"I need to exceed my expectations of myself and keep improving, lift myself up to that high standard."
Trappitt, who won a world champs bronze in the quad in 2011, and competed at the London Olympics, took last year off, although finished up in a reserve role midway through the year.
Summer was spent in Blenheim working at a winery but now she's back and "looking forward to being back in the team in this environment".
Trappitt teamed up with Scown for the Central RPC squad to win the pair at the national championships at Lake Karapiro last month. That didn't hurt her chances.
"We set a New Zealand record there. It was a prety tough week for us but they (national selectors) must have taken what they saw at the nationals as a good sign and had faith in that and decided to roll with it."
Now it's time for her to sit down with Scown and coach Gary Hay and work out strategies for the year.
They will contest all three World Cups - Sydney at the end of this month, Aiguebelette, France in June, and at Lucerne, Switzerland the following month, before going to Amsterdam.
"We'll have to find something that will bring us up to the next level.

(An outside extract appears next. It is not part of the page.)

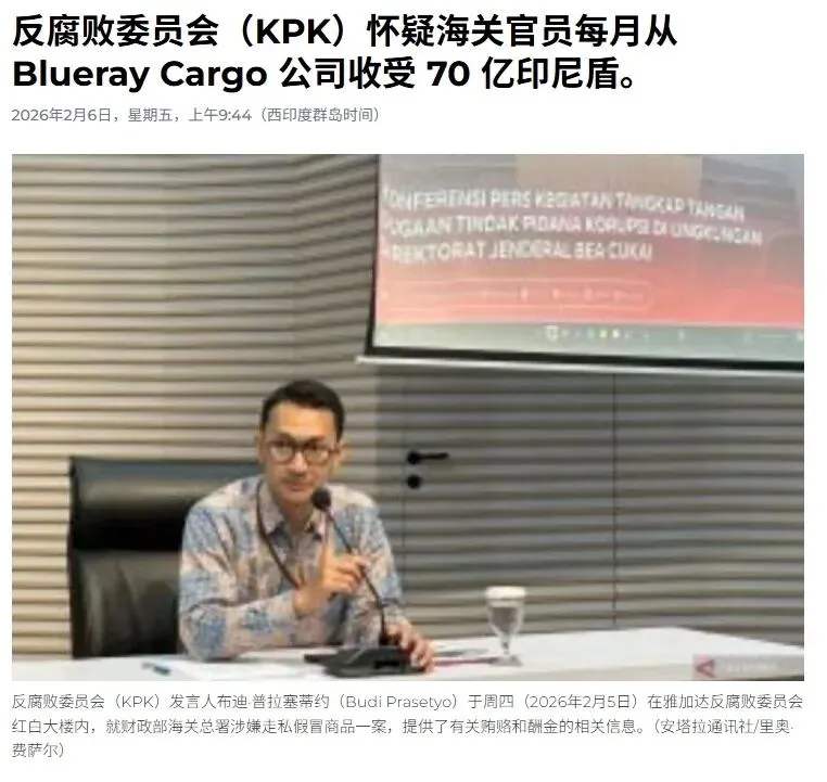 今年2月4日,印尼反腐败委员会(KPK)在雅加达和楠榜同时收网,17名海关员工被诱捕。
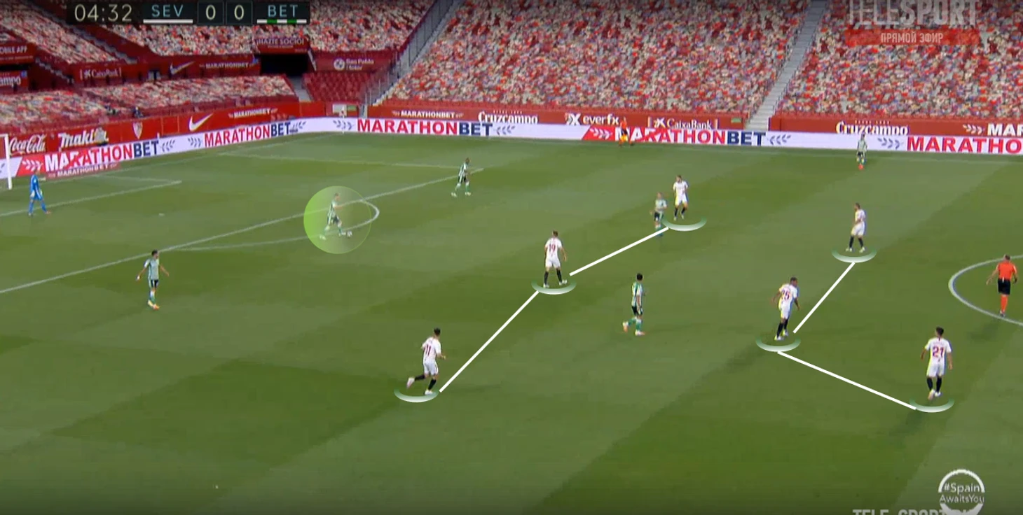 У «Бетиса» при билдапе в тройку центральных защитников стал опускаться Родригес, при этом в самом начале встречи были попытки у Аленья, но он был самым правым из тройки, а Родригес – центральный. «Севилья» откатывалась в средний блок, компактно выстраиваясь по схеме 4-3-3

"We've got pretty stiff competition with the Great Britain girls (Helen Glover and Polly Swann) won all three world cups and the world champs last year) so we've really got to find something that's going to set us flying."
Trappitt has a PE degree from Otago University and has been doing post-grad studies in rehabilitation extra murally through Otago. As she put it "I did it the wrong way round".
"I wasn't very good at rowing for a long time so I did the university thing first."
Now it's full steam ahead with her rowing this year, with the ambition of moving New Zealand up the rankings in a competitive discipline.